Would you write out each line of the material below exactly, skipping every picture?

_DATA BELOW_:
++++++++++
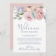 These dusty rose florals welcome letter & itinerary cards are perfect for a spring or summer wedding. The romantic floral design features lilac purple, blush pink and peach flowers arranged in a gorgeous soft pastel bouquet. The front of the card features a welcome letter and the back of the card features the wedding itinerary. These notes are perfect for destination weddings and hotel guest welcome bags.
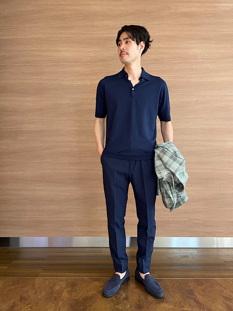 シアサッカー生地ですが適度にドレッシーさがあるためジャケットとの合わせもはまります。
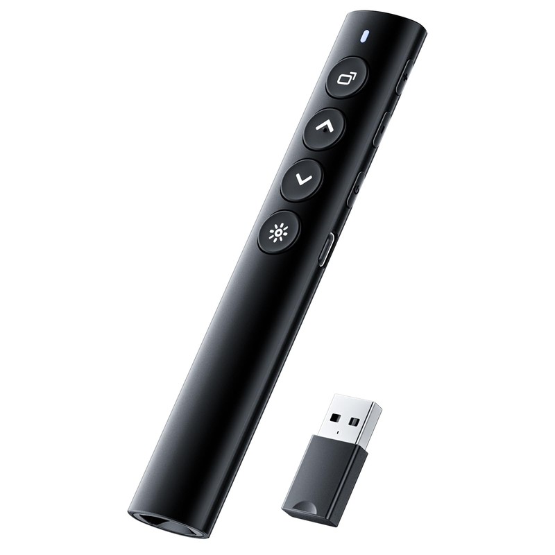 - 🔹【Easy Plug & Play – USB Receiver with Magnetic Dock】The presentation remote simply insert the included USB receiver into your laptop or PC—no drivers or software needed. The built-in magnetic slot in the presenter body securely holds the receiver when not in use, preventing loss and keeping it always at hand.
++++++++++
_ANSWER TO THIS PROBLEM_:
 These dusty rose florals welcome letter & itinerary cards are perfect for a spring or summer wedding. The romantic floral design features lilac purple, blush pink and peach flowers arranged in a gorgeous soft pastel bouquet. The front of the card features a welcome letter and the back of the card features the wedding itinerary. These notes are perfect for destination weddings and hotel guest welcome bags.
 シアサッカー生地ですが適度にドレッシーさがあるためジャケットとの合わせもはまります。
 - 🔹【Easy Plug & Play – USB Receiver with Magnetic Dock】The presentation remote simply insert the included USB receiver into your laptop or PC—no drivers or software needed. The built-in magnetic slot in the presenter body securely holds the receiver when not in use, preventing loss and keeping it always at hand.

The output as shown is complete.